When do roots of a polynomial form a group?

[MostlyHarmless]

I've been studying for my final exam, and came across this homework problem (that has already been solved, and graded.):

"Show that the Galois group of $f(x)=x^3-1$ over ℚ, is cyclic of order 2."

I had a question related to this problem, but not about this problem exactly. What follows is the line of thought that lead me to my question.

The polynomial has roots, 1, $\lambda = \frac{-1+i\sqrt{3}}{2}$, and $\bar\lambda = \frac{-1-i\sqrt{3}}{2}$ over ℂ.

In this case, $\lambda^2 = \bar\lambda$. So, the conjugate of a root is the same as the root squared (which isn't always true, weird?).
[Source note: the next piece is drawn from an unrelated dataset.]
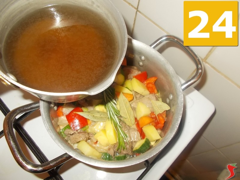 Ora unite anche le foglie di alloro (22) e il rametto di rosmarino (23). Infine coprite la carne con il brodo (24) ben caldo. Mescolate bene e coprite con un coperchio e iniziate una lenta cottura a fuoco basso, controllando e mescolando di tanto in tanto. Lasciate cuocere per circa due ore, facendo restringere il brodo fino ad ottenere un sughetto denso di fondo. Se necessario aggiungete altro brodo. Una volta cotto fate riposare dieci minuti prima di servire in tavola.

Further, $\lambda^3 = \lambda\cdot\bar\lambda=\bar\lambda\cdot\lambda = 1$. So, from that the set of roots, has inverses and the identity, is closed under multiplication, and is generated by $\lambda$. Thus, the set of roots is cyclic of order 3.

I was trying to think of the conditions under which this happens, and I thought maybe if the Galois group is cyclic, but it seems like 1 wouldn't always be a root of a polynomial whose Galois group is cyclic, so then the roots wouldn't even form a group.

Is there something "interesting" going on here? Like, when do the roots form a group? Cyclic group?

 

[pasmith]

The only finite multiplicative subgroups of \mathbb{C} are {0} and \{e^{2n\pi i /N} : n = 0, 1, \dots, N-1\} for strictly positive integer N. These groups are cyclic. They correspond to the roots of z = 0 and z^N - 1 = 0 respectively.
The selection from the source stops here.